Louise believes that the problem with sleep-overs is that the parents whose kids stay in other people's houses have no control over what happens there.

"Ailbhe was at a sleep-over where the kids watched a very scary movie. The child who brought along that DVD is the same one who puts pressure on her classmates not to play with dolls.

"The more I heard about the evening, the more concerned I felt, and in my experience of sleep-overs, the more you know, as a parent, the more anxious you become.

"Ailbhe enjoys having her friends over and staying over with them, but I suspect she's far happier here at home in the security of her own bed."

Sometimes parents may make an effort to allow their little one spend a night away from home, only to discover that they aren't quite ready for such a separation.
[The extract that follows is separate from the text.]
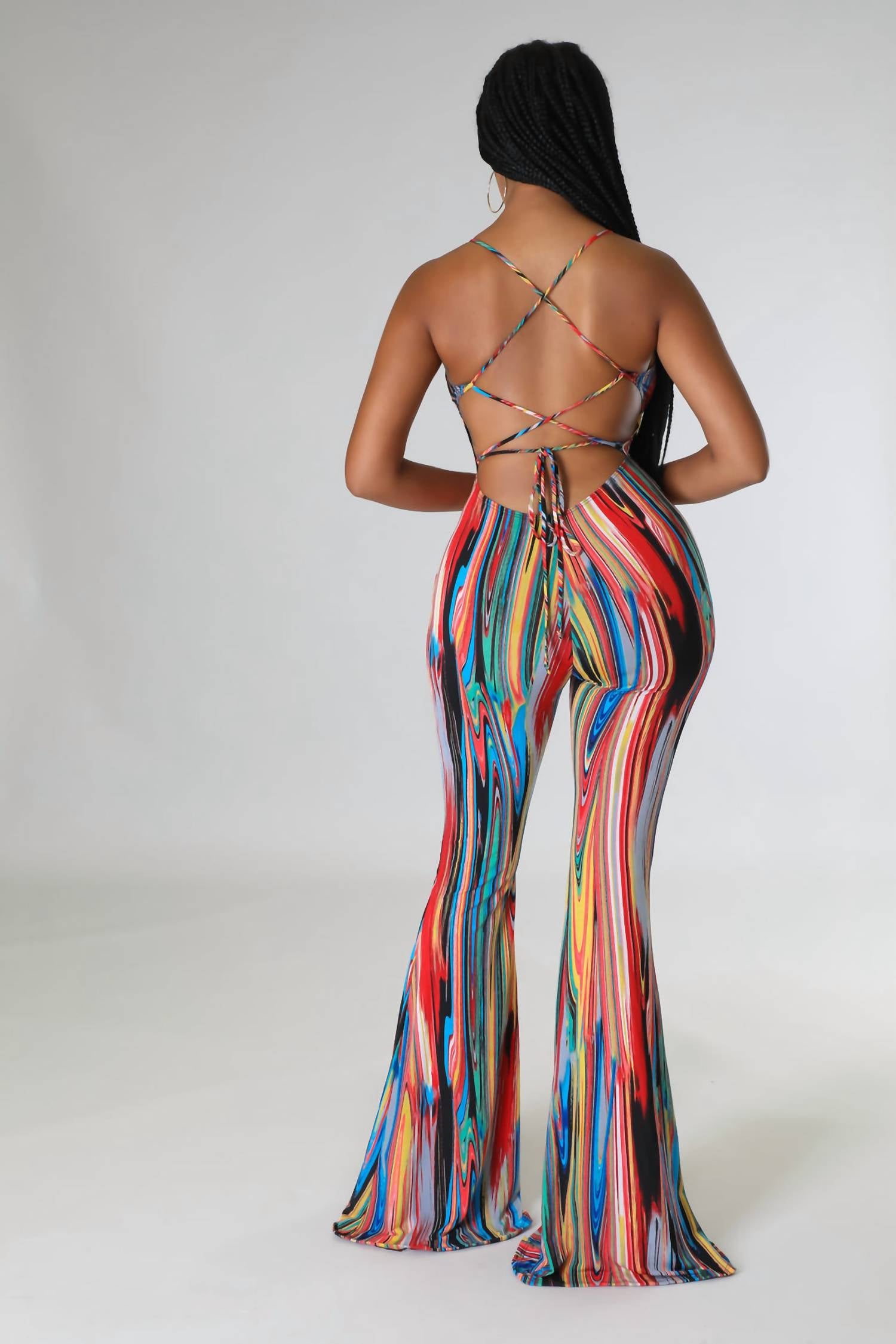 Throw it on and go! Introducing the Color Me Mine Jumpsuit by Good Time USA, a vibrant addition to your wardrobe with a unique patterned design. This women's jumpsuit features a flattering high-rise waist, relaxed fit, and stylish flared legs. Designed for ease, it offers a criss-cross tie back with a convenient tie closure. Perfect for any occasion, it effortlessly combines comfort and style.

That was the experience of Niki O'Connell from Castletroy, in Limerick.

She and her husband Tom had given their young son Seth (five) plenty of notice about the big adventure that lay ahead -- the one that would see him staying at his aunt's house for the first time without either parent.

"He was upbeat when the day arrived," says Niki. "He helped pack his bag, gathered his favourite toys and his special blanket and off he went.

"We had every reason to think it would go well as the two of them get on really well together. But at 8.10pm Tom got a call from Seth saying that he was homesick and asking would we come and bring him home.

"We collected him and the sleep-over never happened, but I think my sister was right to let us know that he wanted to come home," says Niki.


"The whole evening was an exercise in trust. If he had had to stay there against his will, it would have been a negative experience for him. We didn't want that. It was important for him to know that he could rely on us to be there for him if he needed us."

Orla Jones from Bray, Co Wicklow, has two sons, Glynn (10) and BJ (eight).

"Once your kids start school, the subject of sleep-overs raises its head. Parents I hardly knew would suggest it, and even though our kids were friendly, I would decline, because the boys were too young and because I would never allow them to stay with people I didn't know very well.

"I feel that BJ is too young to stay at friends' houses but his pals come to stay with us and he loves that. Glynn was nearly eight when he went off on his first sleep-over. I felt a bit apprehensive, but told myself he would be fine, and he was.

"The only disadvantage of letting your child go on a sleep-over is that the other family may allow him to stay up chatting half the night. When that happens the kids are wrecked the next day, and that ruins any plans you may have made for them.

"Hosting a sleep-over is no trouble. We had our first one here for Glynn's ninth birthday.

"Boys do their own thing and are quite low maintenance. They're happy to occupy themselves playing Xbox, watching DVDs and hanging out in the bedroom.

"You only have to pop your head in the door every now and again to see if they're OK, and you hear the giggles and laughs. Then you can get on with your own evening.

"Whether or not I enjoy hosting sleep-overs depends on the kids who are staying. Some are better company and easier to have around the house than others. Another factor is how compatible the kids are.

"We had three cousins stay with us recently. One little one liked to go to bed early. She made a big effort to stay up after her bedtime to play with her siblings and cousins but it took its toll on her and she got upset.

"It can be hard for young kids when they feel they have to be the same as everyone else. When that happens and they face a night in children's company outside of their own home, it can be tough.

"I was with a group of parents one day, when one of the mums was put on the spot with an unexpected invitation to allow her daughter stay over at a pal's house. When she hesitatingly agreed, it was clear from her face that she wasn't happy about it. She then told the parent who had invited her child that she needn't be expecting a return invitation. The other parent looked a little bemused, but said that was fine.

"I admired that woman's courage and honesty. She told it as it was and the other parent had the choice of withdrawing her invitation if she wasn't happy about the one-sided arrangement."